## [THE PROBLEM]
Record by record, write out the listing word for word while omitting pictures.

## [RECORD EXTRACTS]
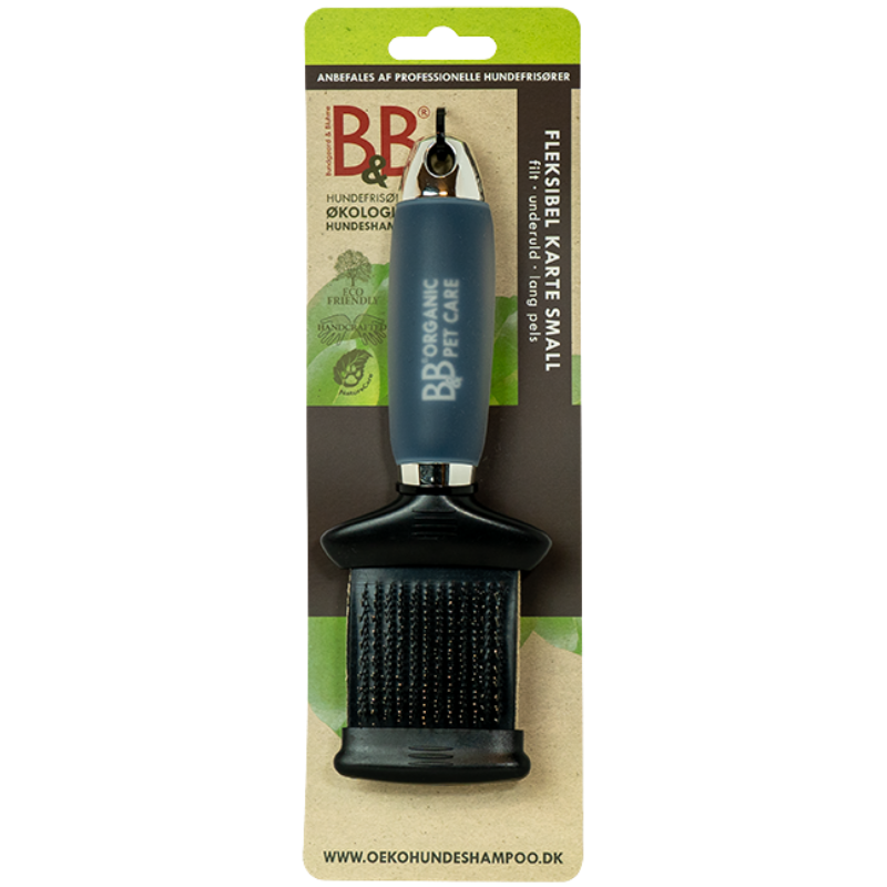 B&B's fleksibel karte med børste på begge sider følger nænsomt hundens kropsfacon og er skånsom for huden.
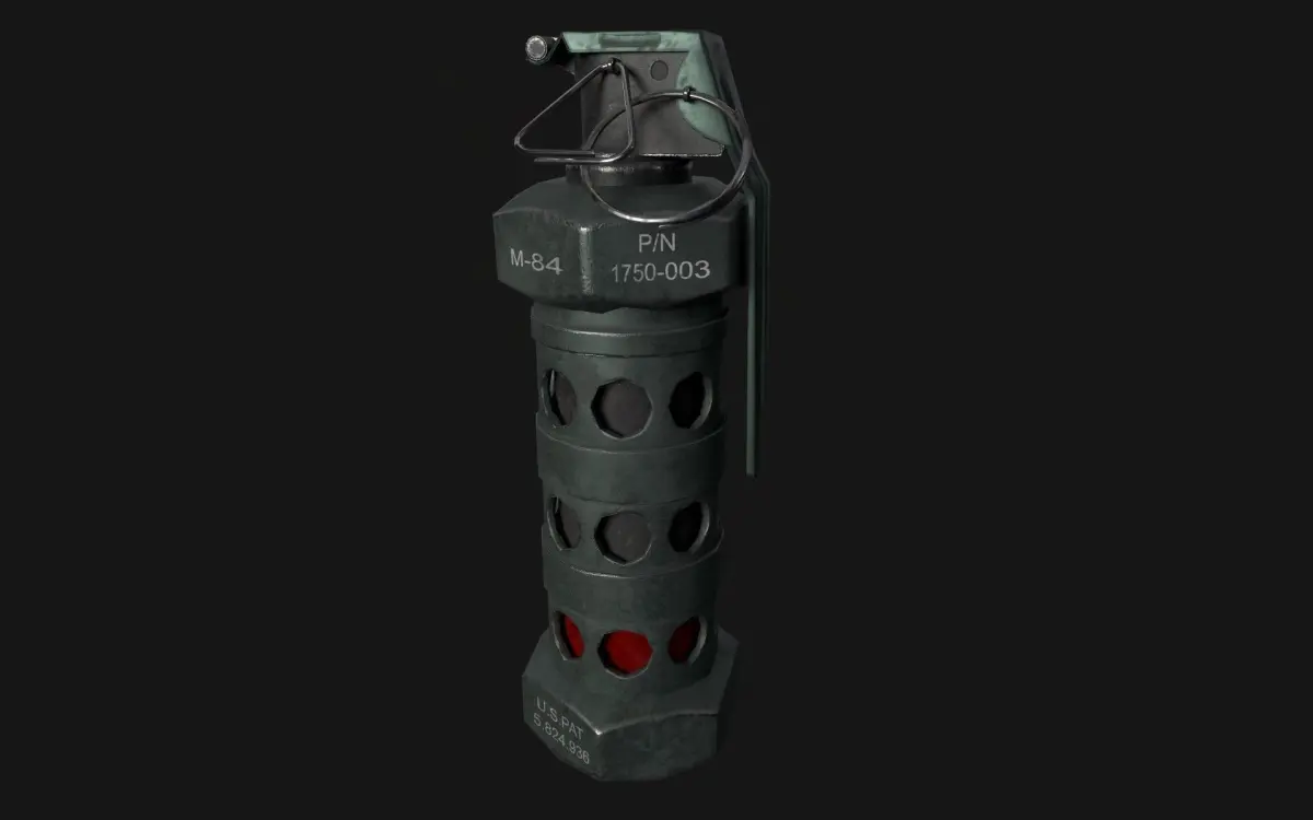 Flash M-84 grenade. I created this model for testing purposes. It has one material and one UV map. Texture maps - 4k, for UE and Unity. Maps in .tga formats. Grenade - 1.7 faces.
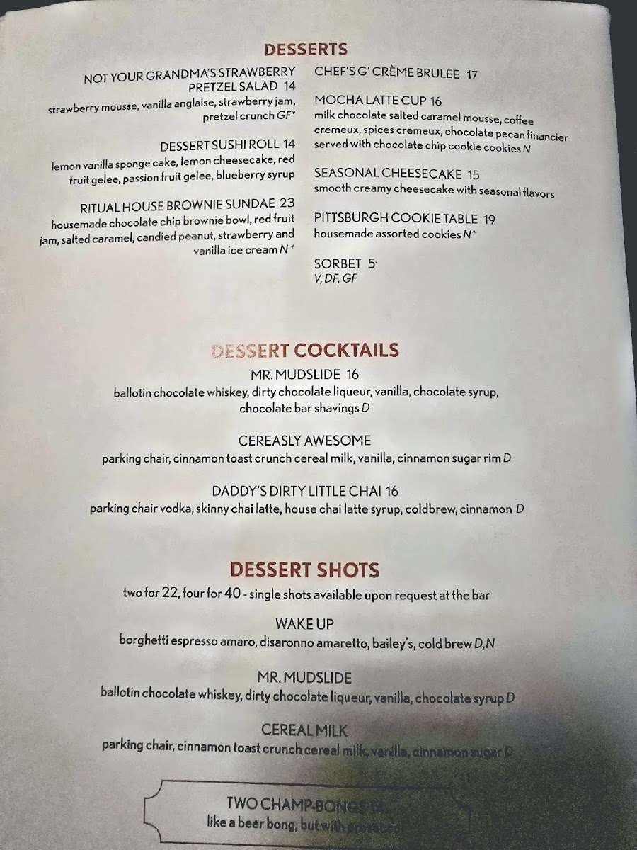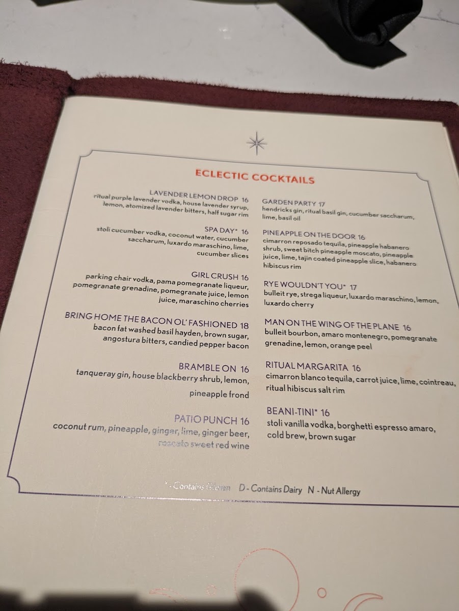 The menu at Ritual House offers a thoughtfully curated selection that balances comforting classics with a modern twist, ideal for those seeking both casual and refined dining experiences. From savory starters like deviled eggs and French onion soup to satisfying mains such as short rib and teriyaki salmon, the dishes invite leisurely enjoyment throughout the day—from brunch gatherings to relaxed dinners.
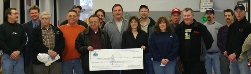 Snowmobile Club Representatives and Officials holding the $122,050.00 check from the New York State Office of Parks, Recreation and Historic Preservation
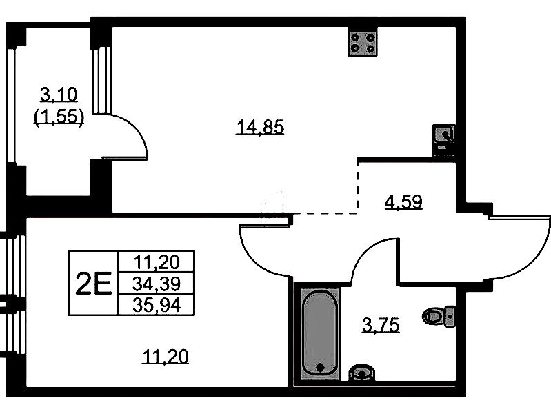 Однокомнатная квартира на 9-ом этаже 35,94 кв.м

## [RESULT BELOW]
 B&B's fleksibel karte med børste på begge sider følger nænsomt hundens kropsfacon og er skånsom for huden.
 Flash M-84 grenade. I created this model for testing purposes. It has one material and one UV map. Texture maps - 4k, for UE and Unity. Maps in .tga formats. Grenade - 1.7 faces.
 The menu at Ritual House offers a thoughtfully curated selection that balances comforting classics with a modern twist, ideal for those seeking both casual and refined dining experiences. From savory starters like deviled eggs and French onion soup to satisfying mains such as short rib and teriyaki salmon, the dishes invite leisurely enjoyment throughout the day—from brunch gatherings to relaxed dinners.
 Snowmobile Club Representatives and Officials holding the $122,050.00 check from the New York State Office of Parks, Recreation and Historic Preservation
 Однокомнатная квартира на 9-ом этаже 35,94 кв.м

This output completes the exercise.